# York show rally



## LadyJ (May 9, 2005)

It seems our rally talents are needed again :lol: 

John and I will be in attendance at the York Show Rally i.e. posh names Rally Marshalls

I gather from the rally list there is about 12 of us so far surely we can do better than that? so come on all you motorhomers join us for a really great weekend.
We can't arrange the weather but we sure can organise a very enjoyable time. So lets have a few more of you attending please.


----------



## hymmi (May 9, 2005)

Hi Jacquie,

I told you,you would make great Rally Marshalls,you are both brilliant.thanks.
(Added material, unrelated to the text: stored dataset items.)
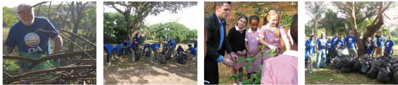
Your local DA public representatives and DA volunteer team have been hard at work greening and cleaning in West Durban.

DA calls for transferable development rights to be explored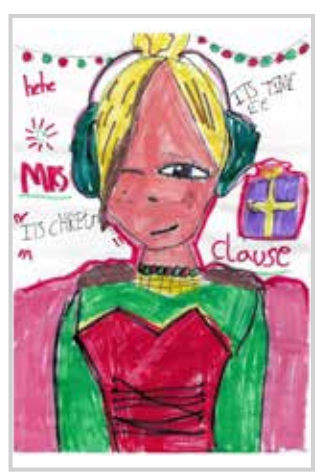
Evie age 10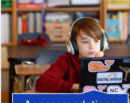
Accommodations and Modifications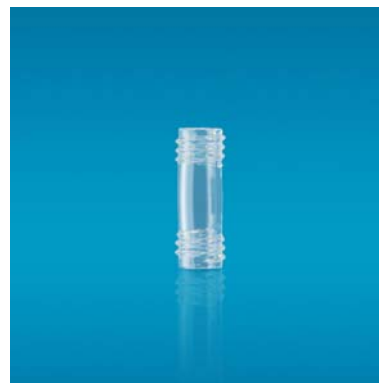
AEC3045 Threaded Filter Tube

I always give the marshalls a bottle of wine,red or white then Jacquie?or would you sooner have some **** :? :lol:


----------



## SidT (May 9, 2005)

Hi Jacquie. If we are home we will join you at York, but we are planning to go back to France in September but not sure of the dates yet.
Will let you know. 
Cheers Sid


----------



## LadyJ (May 9, 2005)

*York Show Rally*

HYMMI:- Jean & Dave No need for pressies I shall be going round with the P.Pot for diesel donations :lol: or you could always lend me a pennant

:lol: :lol: :lol:

SIDT:- Do hope you and Shirley make it to York would be nice to have a natter when its hopefully a bit warmer then Tackeroo was.


----------